To understand how the virus evolves, it would also be useful to sequence the virus in animals, Palacios says. The virus is known to infect animals — mainly rodents such as squirrels and rats — but scientists have yet to discover its natural animal reservoir in the impacted areas of Africa.
Since the current outbreaks began, some nations have been procuring smallpox vaccines, which are thought to be highly effective against monkeypox, because the viruses are related. Unlike the vaccines against COVID-19, which take up to two weeks to offer full protection, smallpox vaccines are thought to protect against monkeypox infection if administered within four days of exposure because of the virus’s long incubation period, according to the US Centers for Disease Control and Prevention (CDC) in Atlanta, Georgia.

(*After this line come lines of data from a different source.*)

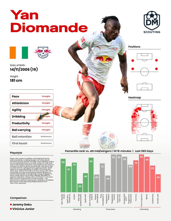 西纳约科是一名全能型前锋,不仅能打中锋,还可以胜任左右两翼。但他的进球效率不高,159次为欧塞尔出场,只打入25球,另有23次助攻。本赛季,西纳约科代表欧塞尔参加了16场法甲联赛,共打入6球并送出2次助攻。根据德国「转会市场网」的数据,他目前的转会身价约为700万欧元。目前没有更可靠的消息来源报道过曼联与西纳约科之间的任何关联,因此对于这一传闻,可以当做《故事会》观看,很可能是经纪人的「抬价」手段。曼联最近确实与另一名前锋有传闻,这得到了罗马诺的确认,莱比锡红牛的亚恩·迪奥曼德(Yan Diomande)是红魔和热刺派出球探考察的目标。「我听说有几家英超俱乐部都在关注这孩子。」罗马诺说道,「他目前在莱比锡红牛表现非常出色,同时他还代表科特迪瓦参加了非洲国家杯比赛。这是一名极具天赋的边锋,既擅长盘带,速度也很快。所以他是一名非常出色的球员,拥有巨大的潜力,真是非常有趣的天才。所以我要告诉你们,不只是曼联和热刺关注他,但两队持续考察他的情况。」德国天空体育的弗洛里安·普莱滕贝格称,莱比锡红牛为迪奥曼德要价超过8700万英镑。但必须强调的是,19岁的左边锋迪奥曼德,只是一名被认为具有潜力的未来型球员,而不是马上就能决定比赛胜负的成熟球员。本赛季他在14场德甲打入6球,并有3次助攻。「竞技网」的权威转会专家大卫·奥恩斯坦表示,在被塞门约拒绝后,曼联不大可能在冬窗寻求引进其他前锋,但未来的转会窗可能再次考虑该位置。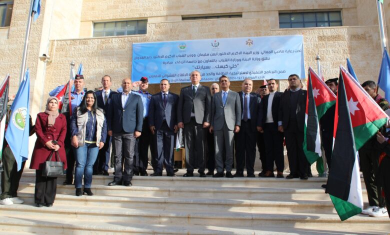 تحت رعاية معالي وزير البيئة الدكتور أيمن سليمان، ومعالي وزير الشباب الدكتور رائد العدوان، وبحضور عطوفة محافظ الزرقاء الدكتور فراس أبو قاعود، وسعادة رئيس مجلس إدارة شركة الزرقاء للتعليم والاستثمار الدكتور محمود أبو شعيرة، أطلقت وزارتا البيئة والشباب، اليوم الأحد الموافق 1 شباط 2026، وبالتعاون مع جامعة الزرقاء، مبادرة بيئية بعنوان “خلي كيسك بسيارتك”، وذلك ضمن البرنامج التنفيذي لاستراتيجية النظافة الوطنية والحد من ظاهرة الإلقاء العشوائي للنفايات.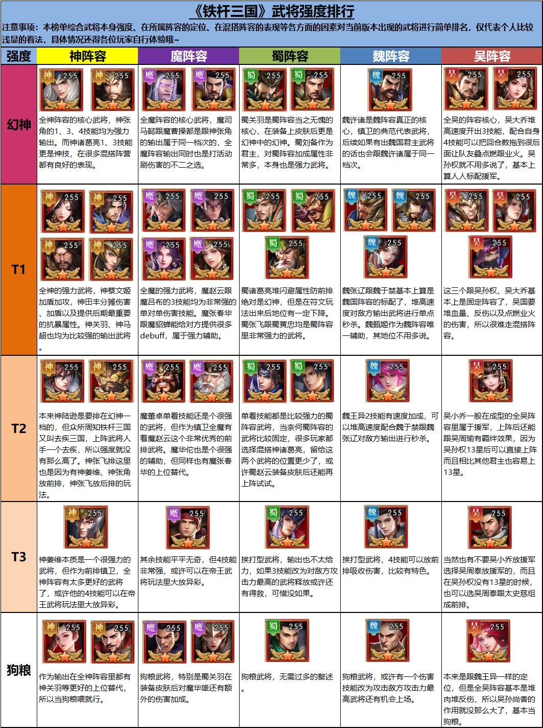 该份攻略转自第三方攻略组,本节奏榜仅供新人开荒使用,从到各个武将的实际强度和表现能力尽量客观和公平分析全武将分阵营推荐,让萌新如何选择武将,少走歪路,快速构筑自己的核心武将成型阵容,渡过新手期。此仅代表第三方攻略组意见,也欢迎各位玩家在本帖提出不同意见和建议哦~

If deployed, the vaccines would probably be applied using a ‘ring vaccination’ strategy, which would inoculate close contacts of infected people. Andrea McCollum, an epidemiologist who heads the poxvirus team at the CDC, says the agency is not yet deploying a ring vaccination strategy.
But in the meantime, CNN reports that the United States plans to offer smallpox vaccines for some healthcare workers treating infected people. It might also be worth considering vaccinating groups at higher risk of infection in addition to close contacts of infected people, Rimoin says.

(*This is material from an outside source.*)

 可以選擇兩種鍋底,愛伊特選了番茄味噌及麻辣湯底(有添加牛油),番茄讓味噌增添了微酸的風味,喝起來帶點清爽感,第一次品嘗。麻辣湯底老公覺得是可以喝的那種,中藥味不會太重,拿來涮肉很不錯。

Even if public-health officials halt transmission of monkeypox in humans during the current outbreaks, virologists are also concerned that the virus could spill back into animals. Having new reservoirs of virus in animals would increase the probability of it being transmitted to people again and again, including in countries that don’t host any known animal reservoirs of the virus. On May 23, the European Centre for Disease Prevention and Control highlighted this possibility, but deemed the probability as “very low”. Still, European health officials strongly recommended that pet rodents such as hamsters and guinea pigs belonging to people with confirmed cases of monkeypox be isolated and monitored in government facilities or euthanized to avoid the possibility of spillover.
Although the risk is low, Moss says the main concern is that scientists wouldn’t know if such a spillover event occurred until it was too late, because infected animals don’t typically show the same visible symptoms as humans.
Monkeypox virus is known to spread through close contact with the lesions, bodily fluids and respiratory droplets of infected people or animals. But health officials have been examining sexual activity at two raves in Spain and Belgium as drivers of monkeypox transmission, according to the Associated Press, raising speculation that the virus has evolved to become more adept at sexual transmission.
Cases linked to sexual activity don’t mean that the virus is more contagious or is transmitted sexually, however – just that the virus spreads readily through close contact, Rimoin says. Unlike SARS-CoV-2, which isn’t thought to linger on surfaces much, poxviruses can survive for a long time outside the body, making surfaces such as bedsheets and doorknobs a potential vector of transmission, Roper says.
Although health officials have noted that many cases have been among men who have sex with men (MSM), Rimoin emphasises that the most likely explanation for the virus’s spread among MSM groups is that the virus was coincidentally introduced into the community, and it has continued spreading there.
All of the new attention on monkeypox has laid bare just how much scientists have yet to understand about the virus, McCollum says. “When this has all settled down, I think we’ll have to think long and hard about where the research priorities are,” she says.